The SCHED_DEADLINE scheduling class provides an advanced and formal
model to define task requirements which can be translated into proper
decisions for both task placements and frequencies selections.
Other classes have a simpler model which is essentially based on
the relatively simple concept of POSIX priorities.

Such a simple priority based model however does not allow to exploit
some of the more advanced features of the Linux scheduler like, for
example, driving frequencies selection via the schedutil cpufreq
governor. However, also for non SCHED_DEADLINE tasks, it's still
interesting to define tasks properties which can be used to better
support certain scheduler decisions.

Utilization clamping aims at exposing to user-space a new set of
per-task attribute which can be used to provide the scheduler with some
hints about the expected/required utilization should consider for a
task. This will allow to implement a more advanced per-task frequency
control mechanism which is not based just on a "passive" measured task
utilization but on a more "proactive" approach. For example, it could be
possible to boost interactive tasks, thus getting better performance, or
cap background tasks, thus being more energy efficient.
Ultimately, such a mechanism, can be considered similar to the cpufreq's
powersave, performance and userspace governor but with a much more fine
grained and per-task control.

Let's introduce a new API to set utilization clamping values for a
specified task by extending sched_setattr, a syscall which already
allows to define task specific properties for different scheduling
classes.
Specifically, a new pair of attributes allows to specify a minimum and
maximum utilization which the scheduler should consider for a task.

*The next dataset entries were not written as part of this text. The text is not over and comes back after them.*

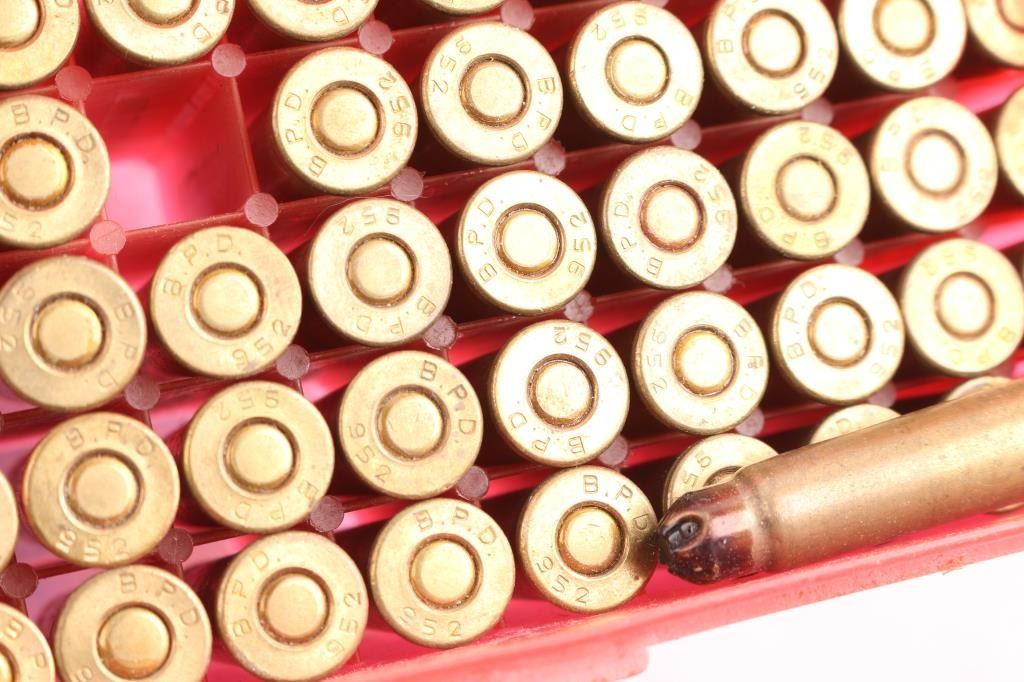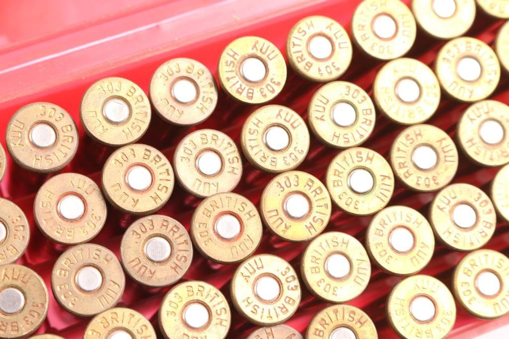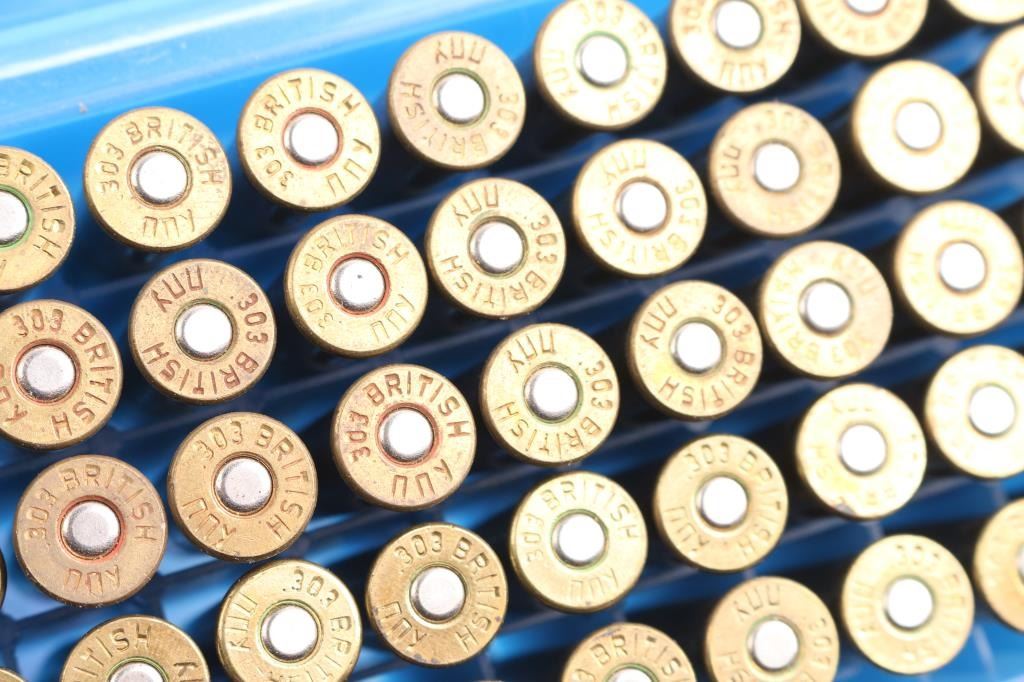 Approx. 400 rounds of .303 British factory new ammunition, including 50 rds of Blanks. Appears to be some Iraqi & other brands. In plastic cases of 50 rds. All in wooden crate.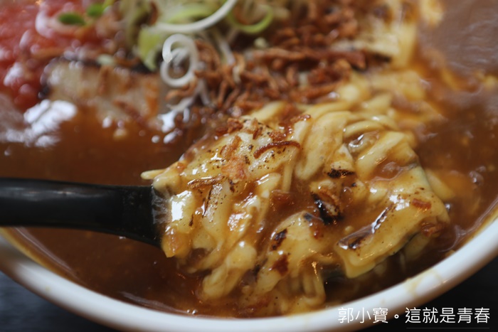 麵條都是細麵,吃的時候基本上非常半軟了,因為泡在咖哩裡面吸收了很多湯汁,每一口麵條都是濃郁的咖哩滋味,辣度因為起司的關係所以只會吃到咖哩香的辣口香氣,還有濃郁起司的滋味,真的非常特別的一碗拉麵,咖哩煮的有點濃稠,所以醬汁都會緊緊的巴在麵條上,建議要趕快食用,不然麵條爛得很快。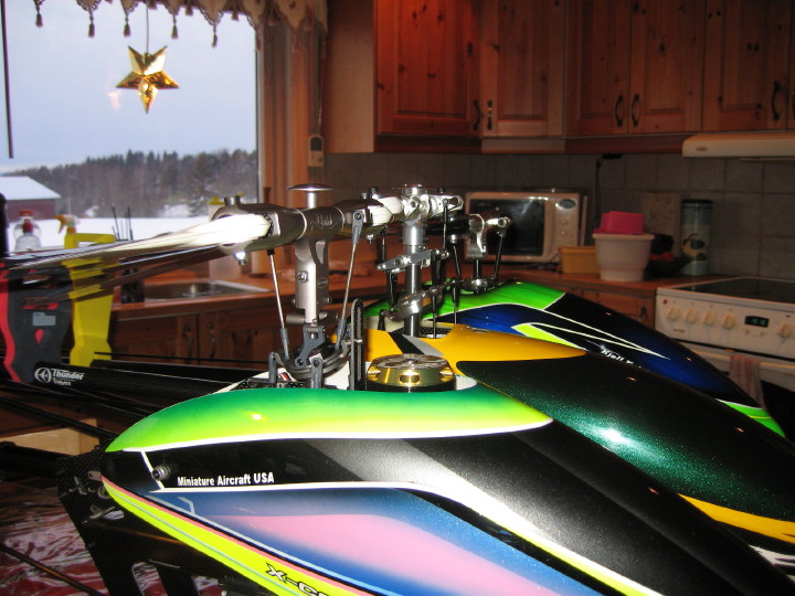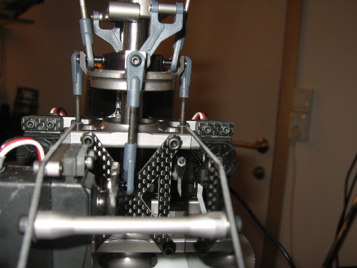 Men når jeg gikk videre med oppsettet fikk jeg store problemer med bindinger i hodet. Jeg så ikke med en gang hva som buttet, men etter hvert fant jeg ut at det var innerringen på swash'en som buttet i masta. I tillegg buttet antirotasjonspinnen på swash'en i nerkant av antirotasjonsbraketten ved for elevator. Og den buttet tidlig. Jeg begynte å undersøke litt og spørre andre Whiplash eiere på RunRyder. Jeg fikk bekreftet at mine linkelengder og andre mål jeg sjekket skulle være riktige. Ellers var det ikke mye hjelp å få. Men jeg fikk og vite at det ikke ville være mulig å komme innenfor de anbefalte verdiene på V-bar med geometrien som er i Whiplash hodet.

Signed-off-by: Patrick Bellasi <patrick.bellasi@arm.com>
Cc: Ingo Molnar <mingo@redhat.com>
Cc: Peter Zijlstra <peterz@infradead.org>
Cc: Tejun Heo <tj@kernel.org>
Cc: Rafael J. Wysocki <rafael.j.wysocki@intel.com>
Cc: Vincent Guittot <vincent.guittot@linaro.org>
Cc: Viresh Kumar <viresh.kumar@linaro.org>
Cc: Paul Turner <pjt@google.com>
Cc: Joel Fernandes <joelaf@google.com>
Cc: Steve Muckle <smuckle@google.com>
Cc: Juri Lelli <juri.lelli@redhat.com>
Cc: Dietmar Eggemann <dietmar.eggemann@arm.com>
Cc: Morten Rasmussen <morten.rasmussen@arm.com>
Cc: linux-kernel@vger.kernel.org
Cc: linux-pm@vger.kernel.org

---
The solution proposed here exposes the concept of "utilization" to
userspace. This should be a quite generic concept, maybe if we abstract
it a bit to be considered just as a percentage of the CPU capacity, and
thus in the range [0..100] instead of [0..SCHED_CAPACITY_SCALE] as it is
now.

If such a defined utilization should still be considered too much of an
implementation detail, a possible alternative proposal can be that do
"recycle" the usage of:
   sched_runtime
   sched_period
to be translated internally into a proper utilization.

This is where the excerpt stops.